Leila Moysich vom Projekt Findelbaby in Hamburg kritisiert das Plädoyer des Ethikrats für ein Ende von Babyklappen und anonymen Geburten. Der Ethikrat habe sich nicht objektiv genug mit der Situation der betroffenen Mütter auseinandergesetzt.

Leila Moysich im Gespräch mit Gerd Breker |
    Gerd Breker: Der Ethikrat hatte gestern erklärt, die anonyme Kindesabgabe in Babyklappen sei ethisch und rechtlich sehr problematisch. Insbesondere werde das Recht der Kinder auf Kenntnis ihrer Herkunft und auf eine Beziehung zu ihren Eltern verletzt.

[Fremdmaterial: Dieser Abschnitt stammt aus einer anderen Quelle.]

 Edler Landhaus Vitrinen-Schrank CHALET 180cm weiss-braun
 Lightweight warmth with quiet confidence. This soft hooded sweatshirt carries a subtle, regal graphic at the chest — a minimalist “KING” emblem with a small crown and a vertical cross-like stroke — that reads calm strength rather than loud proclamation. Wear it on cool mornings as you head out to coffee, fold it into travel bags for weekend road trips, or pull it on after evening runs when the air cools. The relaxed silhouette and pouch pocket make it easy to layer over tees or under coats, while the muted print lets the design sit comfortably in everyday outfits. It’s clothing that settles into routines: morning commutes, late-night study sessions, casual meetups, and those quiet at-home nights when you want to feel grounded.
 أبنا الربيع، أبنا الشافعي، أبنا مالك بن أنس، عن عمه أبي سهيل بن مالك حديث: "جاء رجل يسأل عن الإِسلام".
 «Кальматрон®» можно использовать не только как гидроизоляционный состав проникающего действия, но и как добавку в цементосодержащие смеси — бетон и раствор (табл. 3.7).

    Am Telefon bin ich nun verbunden mit Leila Moysich. Sie ist von der Organisation Findelbaby in Hamburg. Dort entstand die erste Babyklappe hierzulande. Guten Tag, Frau Moysich.

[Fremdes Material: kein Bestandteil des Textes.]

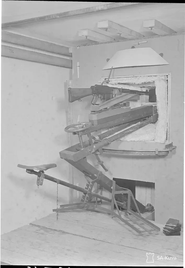 Что касается финских «устойчивых к осколкам» ДОТов, то они представляют из себя конструкцию посерьёзнее, уже из железобетона. И даже имеют какой-никакой станок и сиденье так называемого «велосипедного» типа. Финны использовали в них свои ручные пулемёты с воздушным охлаждением ствола «Лахти-Салоранта» L/S-26 и шведские пулемёты Kg m/21 — клоны американского BAR. Думается, в такой станок с небольшими доработками вполне можно было установить вообще любой ручной пулемёт.
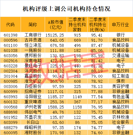 从二季度末的十大流通股东情况来看,机构评级上调公司普遍获机构扎堆重仓。据数据宝统计,截至二季度末,上述74家公司获机构持仓家数均值达到329家,机构持仓比例(占流通股比例)均值为57.44%。
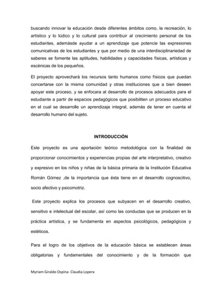 Proyecto artístico cultural: EL ARTE Y LA CULTURA UN MUNDO POR DESCUBRIR | PDF
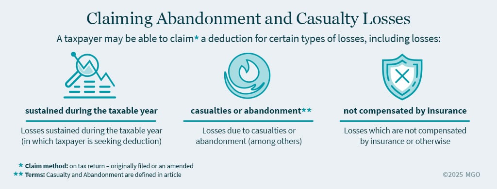 A taxpayer may be able to claim a deduction for certain types of losses it sustains during a taxable year — including losses due to casualties or abandonment, among others — that are not compensated by insurance or otherwise.
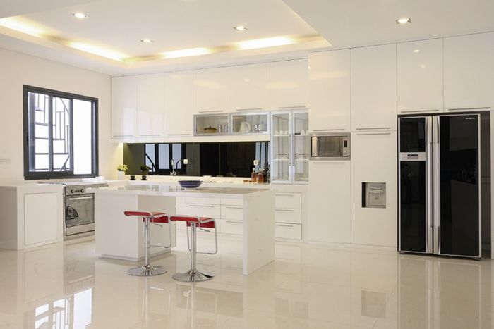 Bahan ini sangat cocok untuk storage lemari dapur, plus sebagai flooring yang cantik. Sebagian besar pentingnya ruangan ini tampaknya tergantung pada ukuran dapur, keluarga, dan gaya hidup. Energi yang terjadi di dapur, terutama saat yang terpenting adalah posisi kompor (api) dan sink (air) sebaiknya tidak terjadi konflik. Ini adalah benda paling penting yang perlu ada di dapur setiap rumah.
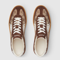 This pair of shoes is crafted from supple suede, exuding a sophisticated yet modern appeal. The streamlined silhouette is elegantly enhanced by the signature Interlocking G logo, adding a refined touch to the design. - Dark brown suede - Men's - Beige and dark brown GG canvas - Leather lining - Interlocking G logo - Additional pair of laces included - Lace-up closure - Flat - Heigth: 0.1" - Made in Italy

    Leila Moysich: Guten Tag!

    Breker: Frau Moysich, Sie sind vom Projekt Findelbaby in Hamburg, dem Träger, wie gerade gesagt, der ersten Babyklappe in Deutschland. Was war eigentlich der Grund dafür, diese Klappe für sie einzuführen?

    Moysich: Im Jahr 1999 sind in Hamburg fünf Kinder ausgesetzt worden und zwei davon sind leider tot aufgefunden worden. Und das war für den Verein SterniPark, der in Hamburg Kindergärten betreibt, Grund genug zu sagen, wir müssen diesen Frauen die Hand reichen. Es darf nicht angehen in unserer Gesellschaft, dass Frauen ihre Kinder alleine auf die Welt bringen und dann nicht wissen, wohin sie mit den Kindern sollen und die womöglich sterben. Deswegen haben wir im Dezember 1999 unser Projekt Findelbaby ins Leben gerufen.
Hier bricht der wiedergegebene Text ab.